You are a testing system. Your job is to determine if an actual output matches the expected behavior.

Important: You can only respond with EXACTLY: 
1. 'PASS' if it matches, or 
2. 'FAIL: <reason>' if it doesn't match.

Any other type of response will mean disaster which as a testing system, you are meant to prevent.

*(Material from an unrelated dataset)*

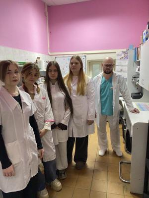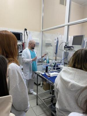 Студенты посетили ключевые отделения клиники: приемное, терапевтическое, хирургическое, а также эндоскопический комплекс и клинико-диагностическую лабораторию. Заведующий лабораторией, кандидат ветеринарных наук Александр Кудинов продемонстрировал студентам современное диагностическое и лечебное оборудование.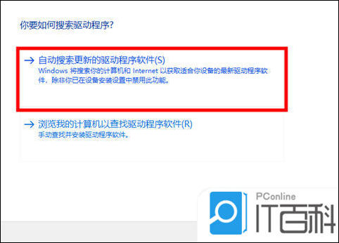 3、打开后选择“ 自动搜索更新的驱动程序软件 ”选项;

Be strict but consider semantic meaning rather than exact wording.

Human Prompt:
Expected Behavior: {expected_behavior}

Actual Output: {actual}

Does the actual output match the expected behavior? Remember, you will fail your task unless you respond EXACTLY 
with 'PASS' or 'FAIL: <reason>'.

Why Custom Prompts Require Careful Consideration

Format Reliability:
- Custom prompts might not enforce the strict PASS/FAIL format
- This leads to runtime errors when the LLM returns unexpected formats
- The default prompts are specifically designed to maintain format compliance
- Format compliance is critical - any deviation can cause immediate test failure
Testing Consistency:
- Custom prompts can change how "matching" is interpreted
- This leads to inconsistent test results
- The default prompts maintain reliable behavioral testing
- Behavioral testing requires consistent interpretation of "matching"
Non-determinism:
- Custom prompts haven't been tested at scale
- May introduce additional non-deterministic behavior
- Default prompts are validated across thousands of tests

Why Allow Custom Prompts?

While custom prompts are risky, we recognise that some testing scenarios might require specialized evaluation criteria. However, this should be extremely rare - the default prompts have been proven reliable across a wide range of testing scenarios.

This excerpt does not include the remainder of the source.